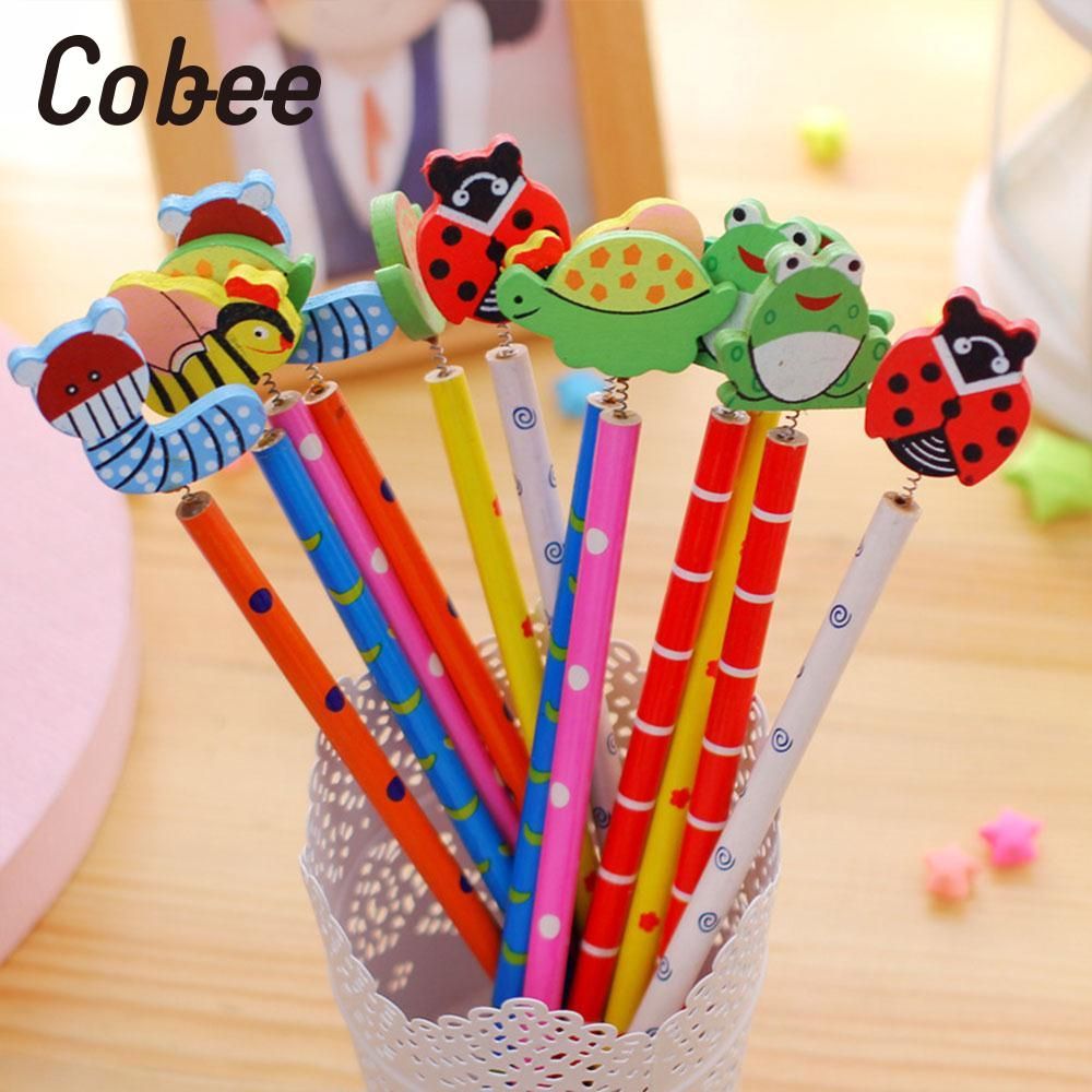 1*Cobee Wooden Spring Pencil With Eraser School Stud
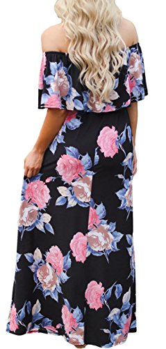 Cfanny Women's Off Shoulder Ruffle Floral Print Casual Maxi Long Boho DressFeature
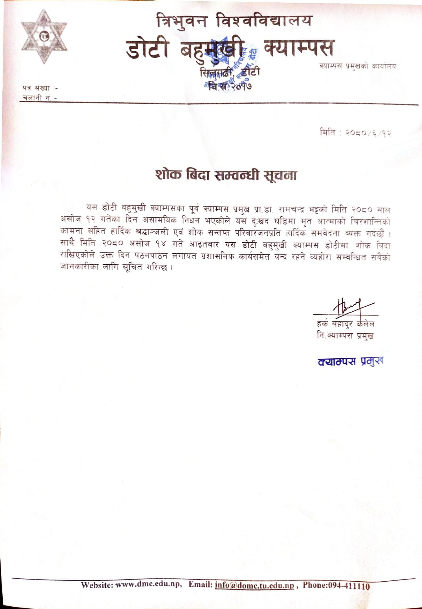 शाेक बिदा सम्वन्धी सूचना
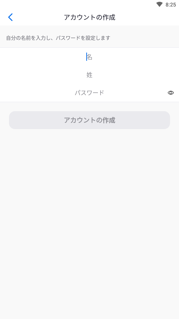 名・姓・パスワードを入力し、「アカウントの作成」をタップします。これで、モバイルデバイスからのアカウント作成は完了です。
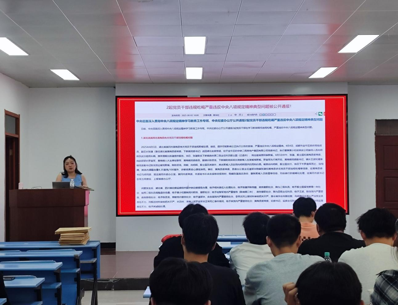 开展一次党课活动,筑牢思想根基。以中央八项规定精神为核心内容的专题党课上,员工第一党支部书记代文嫣结合实际案例,深入解读中央八项规定出台的背景、意义及具体要求。毕业生党员围绕“如何今后的工作和学习生活中贯彻落实八项规定”展开热烈讨论,进一步强化纪律意识和规矩意识,筑牢拒腐防变的思想防线。
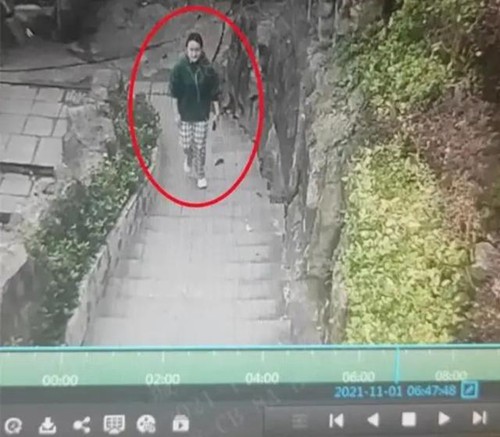 朱甜甜有早晨健身的习惯,根据监控画面显示,11月1日早上6时47分,朱甜甜独自一人出现在十堰市竹山县城关镇南山公园山脚,上身着绿色卫衣,穿黑白格长裤,左手持手机。
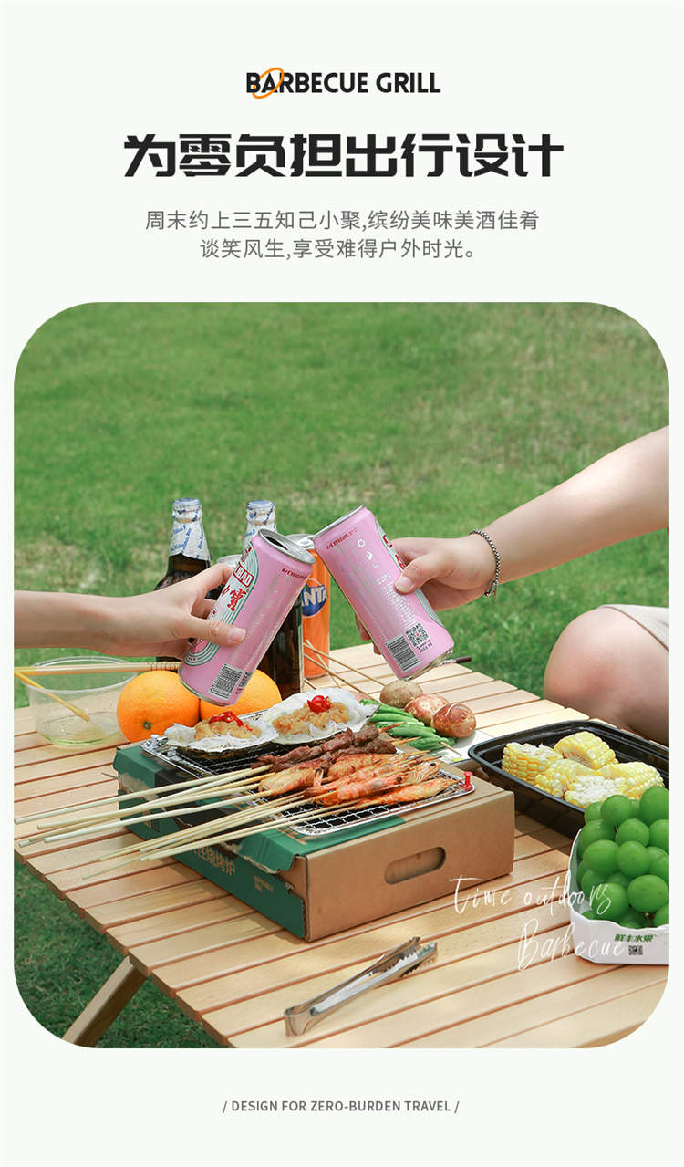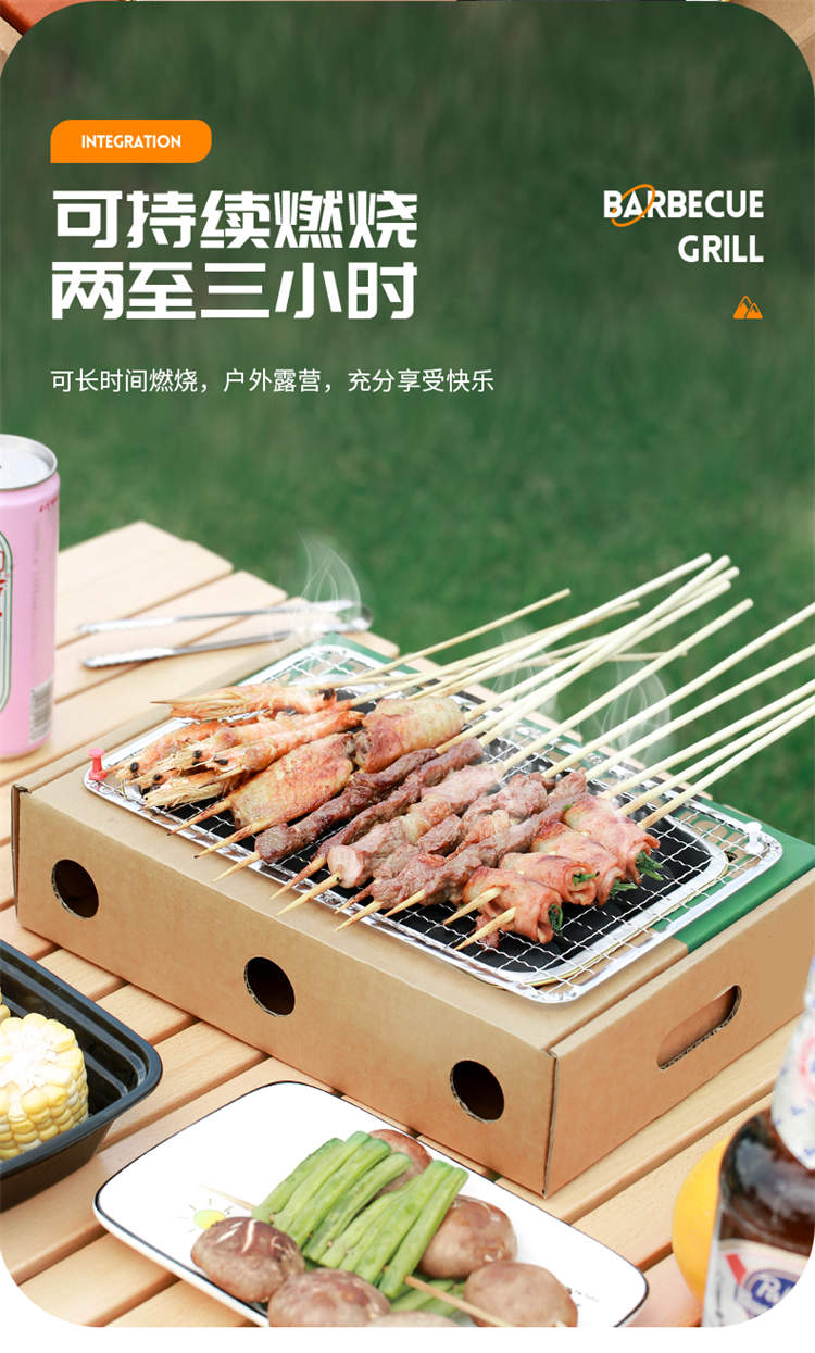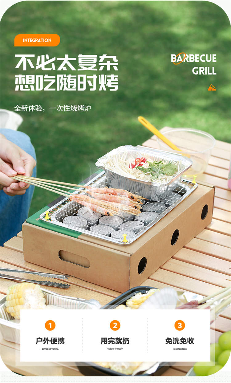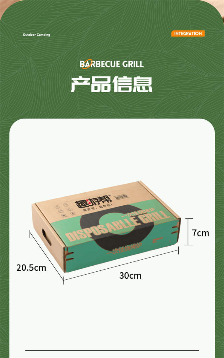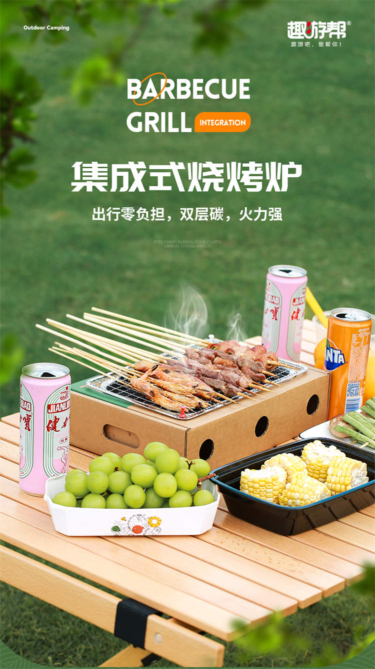 商品名称:趣游帮自带速燃碳一次性便携懒人烧烤炉YB02

__________

● Exercise brief
What the answer must hold is the exact text of every line from the one containing "名・姓・パスワードを入力し、" through the end of the data, minus any pictures.

● Task response
 名・姓・パスワードを入力し、「アカウントの作成」をタップします。これで、モバイルデバイスからのアカウント作成は完了です。
 开展一次党课活动,筑牢思想根基。以中央八项规定精神为核心内容的专题党课上,员工第一党支部书记代文嫣结合实际案例,深入解读中央八项规定出台的背景、意义及具体要求。毕业生党员围绕“如何今后的工作和学习生活中贯彻落实八项规定”展开热烈讨论,进一步强化纪律意识和规矩意识,筑牢拒腐防变的思想防线。
 朱甜甜有早晨健身的习惯,根据监控画面显示,11月1日早上6时47分,朱甜甜独自一人出现在十堰市竹山县城关镇南山公园山脚,上身着绿色卫衣,穿黑白格长裤,左手持手机。
 商品名称:趣游帮自带速燃碳一次性便携懒人烧烤炉YB02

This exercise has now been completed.